Let them call me illiterate.

Many regard him as the greatest poetic force in Bengali literature

after the world-famous Rabindranath Tagore. Both Nazrul Islam's poems

and prose writing are exuberant with a certain force and energy,

denouncing all social and religious bigotry and oppression.

 

Ayeshah Haleem wrote a study of the Lalitasahasranamam (The Thousand

Names of the Goddess Lalita), published in the anthology In All Her

Names: Explorations of the Feminine in Divinity, edited by Joseph

Campbell and Charles Musès (HarperSanFrancisco, 1991), p. 165-168.
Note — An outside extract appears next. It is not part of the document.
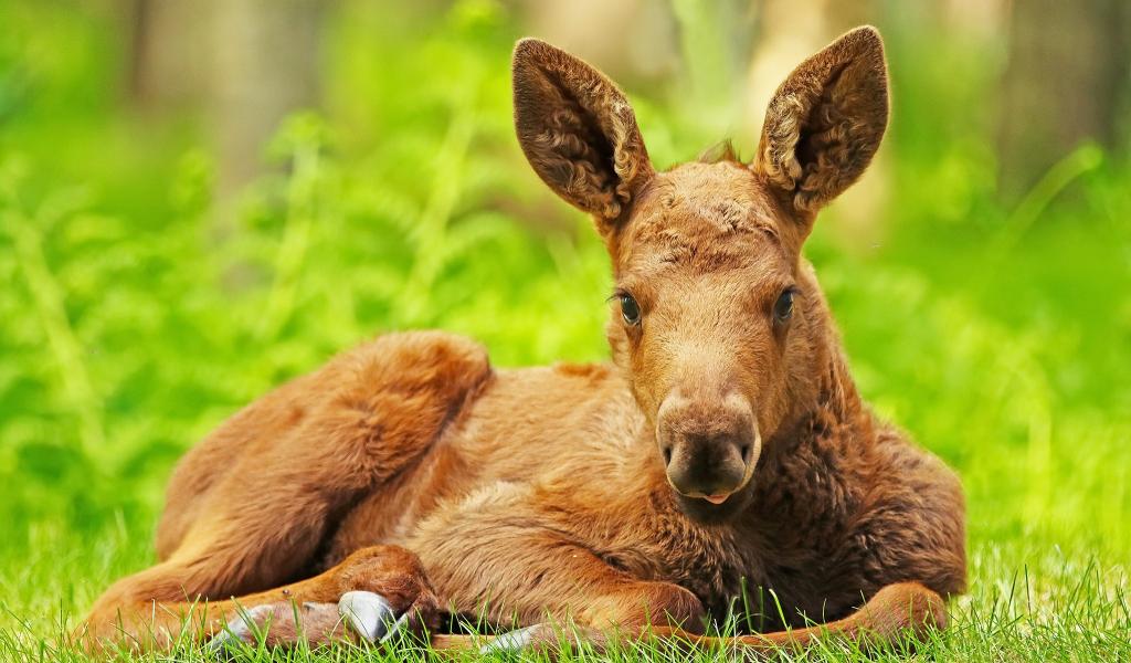 Обои Маленький лосенок лежит на зеленой траве

An excerpt from her study:

 

Srîmâtâ!—Glorious Mother!

Srîmahârâjnî!—Glorious Queen!

Srimatsimhâsaneswarî!—Glorious ruler on the Lioness Throne!

 

Thus begins, with her first three names, the uplifted Sanskrit hymn

Lalitâsahasranâmam (The Thousand Names of the Goddess) in

praise of the Goddess of our Universe, with forms of address

describing her prime triplicity as Container, Measurer, and Matter of

the Universe (all implied by the word Mâtâ; Queen of the

Universe thereby, and Regulator of Time, the Devouring Lioness—and

therefore of all cycles that eventually return to their starting

point, making a whole.

 

Although her triple quality is all-encompassing, she is Manifestation

itself (Mâyâ)—the Veil of Existence—in all its variety

and detail, and thus she may be found through countless avenues. It

is something of this multiplicity that the Thousand Names of

Lalitâ seeks to convey, though the " thousand, " in turn, stand for

the thousands upon thousands of epithets that actually exist. The

text now available, although a compilation of recent date, is without

doubt derived from prototypes reaching back several millennia before

Christ and eventually to Paleolithic times.